**EXERCISE PROMPT:** Your copy should match the entries exactly, with the pictures left out.

**RECORDS FOR THIS TASK:**
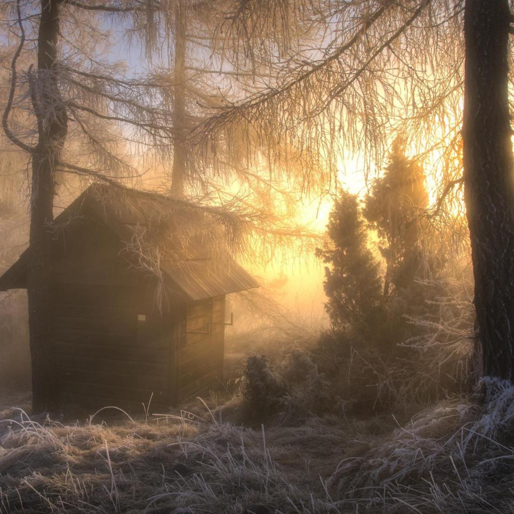 Обои Охотничья избушка в морозном лесу
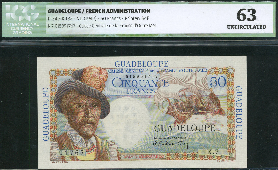 (x) Caisse Centrale de la France d'Outre-Mer, Guadeloupe, 50 francs, ND (1947-1949), serial number K.7 91767, multicoloured, value in blue, d'Esnambuc at left, galleon at right, Postel-Vinay signature, blue GUADELOUPE in margins, reverse multicoloured, Togolese maiden at left, ethnic building at right
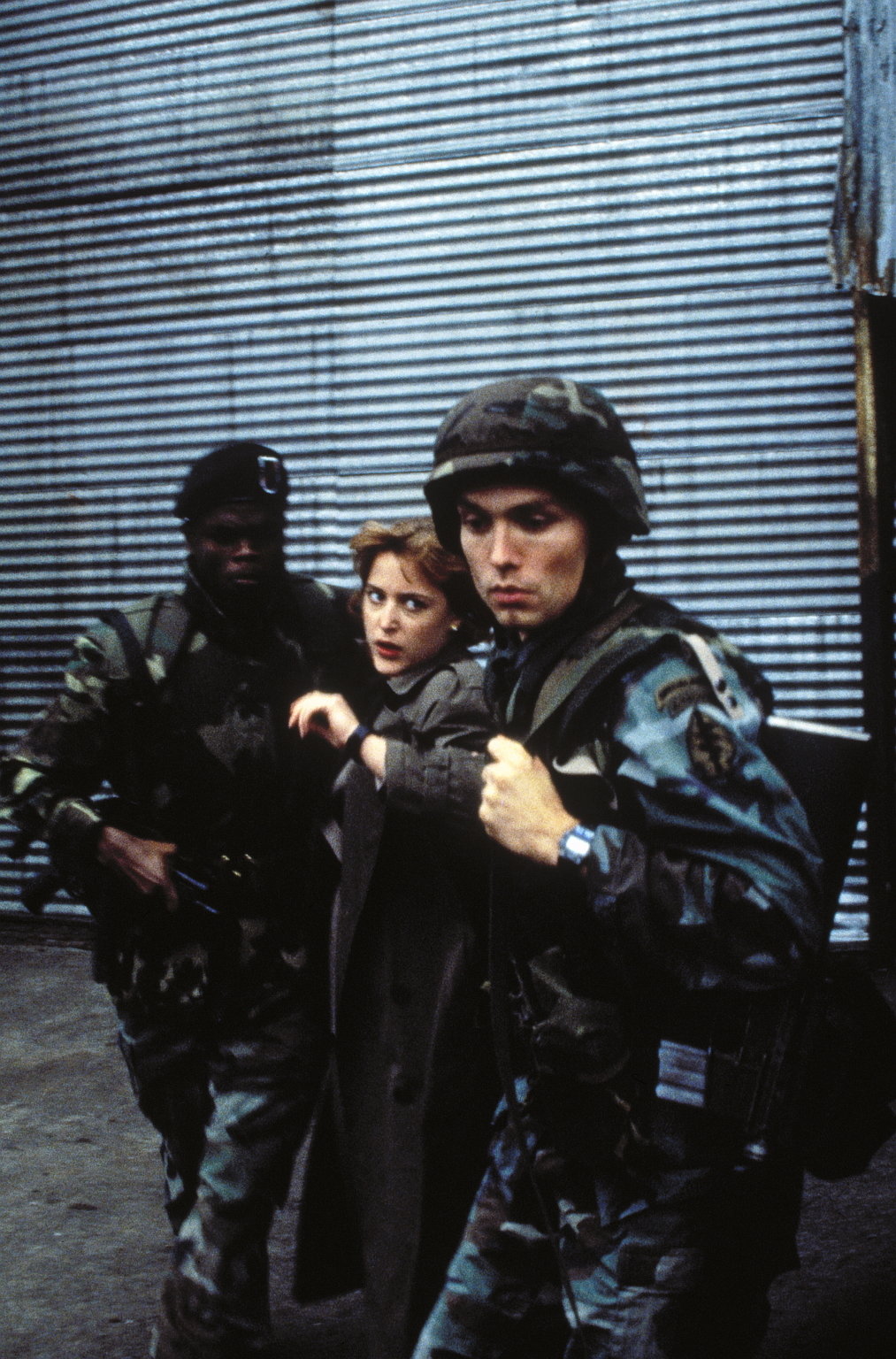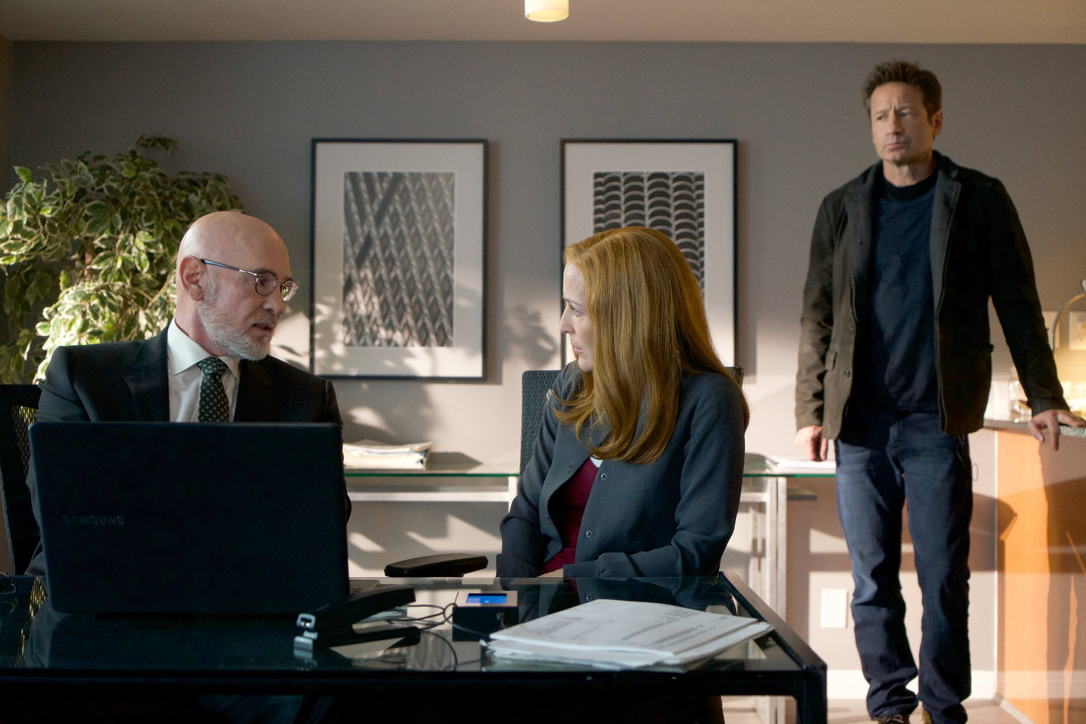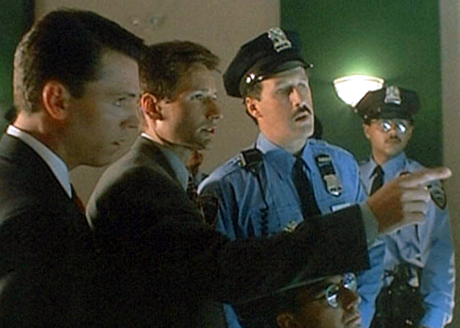 (v.l.n.r.) Det. Angela White (Dana Wheeler-Nicholson); Fox Mulder (David Duchovny); Dana Scully (Gillian Anderson)
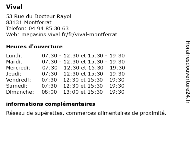 1 Vival (Distance: 9,13 km) - Centre Commercial des Colettes, 83300 Draguignan supermarché, supérette, vival, épicerie 2 Vival (Distance: 16,68 km) n/a Place Emile, 26740 Marsanne bread, deli, fish shop, gas bottles, photocopy, removing packages, vival, wine cellar 3 Vival (Distance: 17,40 km) , Route de la Bouverie, 83480 Puget-sur-Argens bread, deli, fish shop, gas bottles, photocopy, removing packages, vival, wine cellar 5 Vival by Casino (Distance: 20,76 km) - Avenue Georges Clemenceau, 83630 Aups by, casino, droguerie, d’hypermarchés, frais, fruits et légumes, hygiène, parfumerie et autres produits non alimentaires., surgelés, vival, épicerie 6 Vival by Casino (Distance: 21,87 km) 3 Rue des Maisons Neuves, 83440 Callian by, casino, droguerie, d’hypermarchés, frais, fruits et légumes, hygiène, parfumerie et autres produits non alimentaires., surgelés, vival, épicerie |
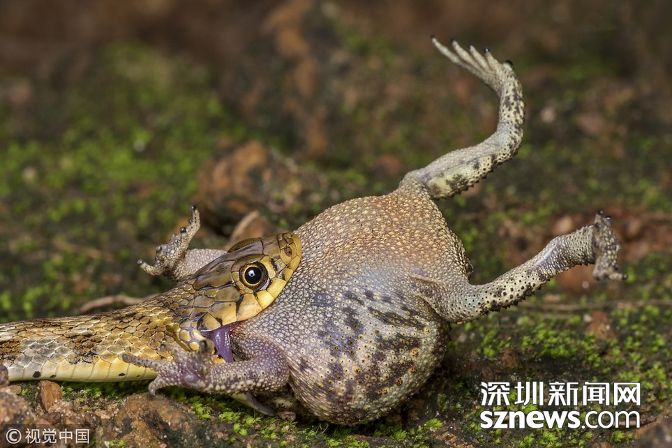 印度加爾各答B(yǎng)olpar,業(yè)余攝影師Agniswar Ghosal在Bolpar散步時拍到蛇大口吞咽蟾蜍的震撼場景。一條細(xì)長的蛇正試圖整個吞下一只大蟾蜍,蟾蜍的頭已經(jīng)進(jìn)了蛇口,大半截身體還在外邊。這條野心勃勃的蛇把這只毫無戒心的蟾蜍從洞里拖了出來,然后溜進(jìn)灌木叢,安靜地享用晚餐。
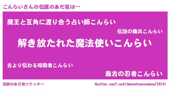 | 胡散臭い通販商品みたいなあだ名 | 『世界中を虜にした100年もののヴィンテージワイン…その名も「こんらい」』 |
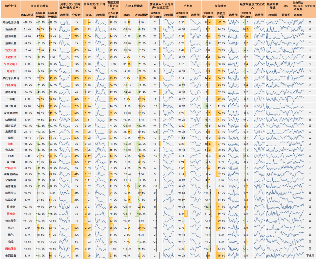 传统制造&非制造业:传统制造和非制造业领域中有较多行业削减资本开支并在低位维持较长时间,但相较高端制造而言需求偏弱,因此对于出清的认定标准更高,而且在市场风险偏好较高阶段,股价弹性也相对较弱。其中航海装备和摩托车行业过去两年开启新的资本开支扩张周期,在市场表现层面已有较大涨幅,未来需求侧的持续增长较为重要。之前实现出清,处于阶段五的右侧行业主要包括轨交设备、光学光电子和商用车,但目前而言整体需求改善和资本开支扩张幅度较为有限。处于供给出清但需求尚未改善的阶段四的行业,资本开支/折旧摊销普遍在1倍左右或以下维持较长时间,主要包括工程机械、白色家电、养殖业、饲料、饮料乳品和通信服务等。其中值得关注的是,本次中报新入选的工程机械、养殖业和饲料,工程机械过去3年大幅缩减资本开支,需求端出海取得突破性进展,抵消了一部分国内销量的下滑,而当前由于更新周期的临近,国内销量也出现企稳迹象;养殖业和饲料同样经历4年去产能的周期,在建工程已大幅减少,而且“反内卷”政策在养殖业的可行性和优先级相对较高,龙头公司拥有突出的成本优势,当前也有较好配置性价比(图表5)。

**EXERCISE SOLUTION:**
 Обои Охотничья избушка в морозном лесу
 (x) Caisse Centrale de la France d'Outre-Mer, Guadeloupe, 50 francs, ND (1947-1949), serial number K.7 91767, multicoloured, value in blue, d'Esnambuc at left, galleon at right, Postel-Vinay signature, blue GUADELOUPE in margins, reverse multicoloured, Togolese maiden at left, ethnic building at right
 (v.l.n.r.) Det. Angela White (Dana Wheeler-Nicholson); Fox Mulder (David Duchovny); Dana Scully (Gillian Anderson)
 1 Vival (Distance: 9,13 km) - Centre Commercial des Colettes, 83300 Draguignan supermarché, supérette, vival, épicerie 2 Vival (Distance: 16,68 km) n/a Place Emile, 26740 Marsanne bread, deli, fish shop, gas bottles, photocopy, removing packages, vival, wine cellar 3 Vival (Distance: 17,40 km) , Route de la Bouverie, 83480 Puget-sur-Argens bread, deli, fish shop, gas bottles, photocopy, removing packages, vival, wine cellar 5 Vival by Casino (Distance: 20,76 km) - Avenue Georges Clemenceau, 83630 Aups by, casino, droguerie, d’hypermarchés, frais, fruits et légumes, hygiène, parfumerie et autres produits non alimentaires., surgelés, vival, épicerie 6 Vival by Casino (Distance: 21,87 km) 3 Rue des Maisons Neuves, 83440 Callian by, casino, droguerie, d’hypermarchés, frais, fruits et légumes, hygiène, parfumerie et autres produits non alimentaires., surgelés, vival, épicerie |
 印度加爾各答B(yǎng)olpar,業(yè)余攝影師Agniswar Ghosal在Bolpar散步時拍到蛇大口吞咽蟾蜍的震撼場景。一條細(xì)長的蛇正試圖整個吞下一只大蟾蜍,蟾蜍的頭已經(jīng)進(jìn)了蛇口,大半截身體還在外邊。這條野心勃勃的蛇把這只毫無戒心的蟾蜍從洞里拖了出來,然后溜進(jìn)灌木叢,安靜地享用晚餐。
 | 胡散臭い通販商品みたいなあだ名 | 『世界中を虜にした100年もののヴィンテージワイン…その名も「こんらい」』 |
 传统制造&非制造业:传统制造和非制造业领域中有较多行业削减资本开支并在低位维持较长时间,但相较高端制造而言需求偏弱,因此对于出清的认定标准更高,而且在市场风险偏好较高阶段,股价弹性也相对较弱。其中航海装备和摩托车行业过去两年开启新的资本开支扩张周期,在市场表现层面已有较大涨幅,未来需求侧的持续增长较为重要。之前实现出清,处于阶段五的右侧行业主要包括轨交设备、光学光电子和商用车,但目前而言整体需求改善和资本开支扩张幅度较为有限。处于供给出清但需求尚未改善的阶段四的行业,资本开支/折旧摊销普遍在1倍左右或以下维持较长时间,主要包括工程机械、白色家电、养殖业、饲料、饮料乳品和通信服务等。其中值得关注的是,本次中报新入选的工程机械、养殖业和饲料,工程机械过去3年大幅缩减资本开支,需求端出海取得突破性进展,抵消了一部分国内销量的下滑,而当前由于更新周期的临近,国内销量也出现企稳迹象;养殖业和饲料同样经历4年去产能的周期,在建工程已大幅减少,而且“反内卷”政策在养殖业的可行性和优先级相对较高,龙头公司拥有突出的成本优势,当前也有较好配置性价比(图表5)。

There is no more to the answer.